Coming back to their apartment two days after the delivery, we braced ourselves for a wakeful first night at home with the baby. But just before midnight, it wasn’t the baby’s crying that woke me up but Karina’s soft moaning. She was clutching at her chest and knowing her heart problem, I feared that she was having an attack. I asked my son-in-law Paul to drive us to the Kaiser Medical Center, 12 minutes away. The ERs in US hospitals are exactly what we see on TV: They are beehives of life-saving activity. Within 10 minutes, the doctors ruled out a heart attack. A substantial drop in Karina’s hemoglobin level was what had caused the chest pain. She had been bleeding internally without her knowing it.

An endoscopic procedure traced the bleeding to an ulcerated polyp in the duodenum. The doctors had planned to remove the polyp, but fearing complications, they opted to clip the ulcer in the meantime. This gave us a window in which to take the return trip to Manila just before Christmas. I intend to write about this amazing encounter with the American medical system in another column. Suffice it to say that our gratitude to Kaiser and its extraordinary staff, most of whom are ethnic Filipinos, is boundless.

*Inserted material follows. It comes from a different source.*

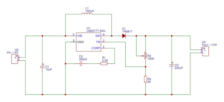The input could up to 12 volts. Don't apply a higher voltage or you could burn the LM2577-ADJ component. In this case, we need no external switch since the LM2577-ADJ already has it inside it. With the feedback pin connected to the output voltage divider, the LM2577-ADJ will change the width of the pulse depending on the output in order to keep it constant. In this case, use a Schottky Barrier Rectifier diode because it has a low forward voltage. This diode will live the current flow when the switch is open.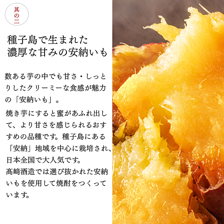 安納いものふくよかな甘い香りと、やわらかい甘味を楽しめる味わい深い焼酎です。

Contemplating my wife’s frail condition in the same hospital where our grandson was born a few days before, I found comfort in William Wordsworth’s timeless ode, portions of which I had memorized: “Our birth is but a sleep and a forgetting: / The Soul that rises with us, our life’s Star, / Hath had elsewhere its setting, / And cometh from afar: / Not in entire forgetfulness, / And not in utter nakedness, / But trailing clouds of glory do we come/ From God, who is our home: / Heaven lies about us in our infancy!”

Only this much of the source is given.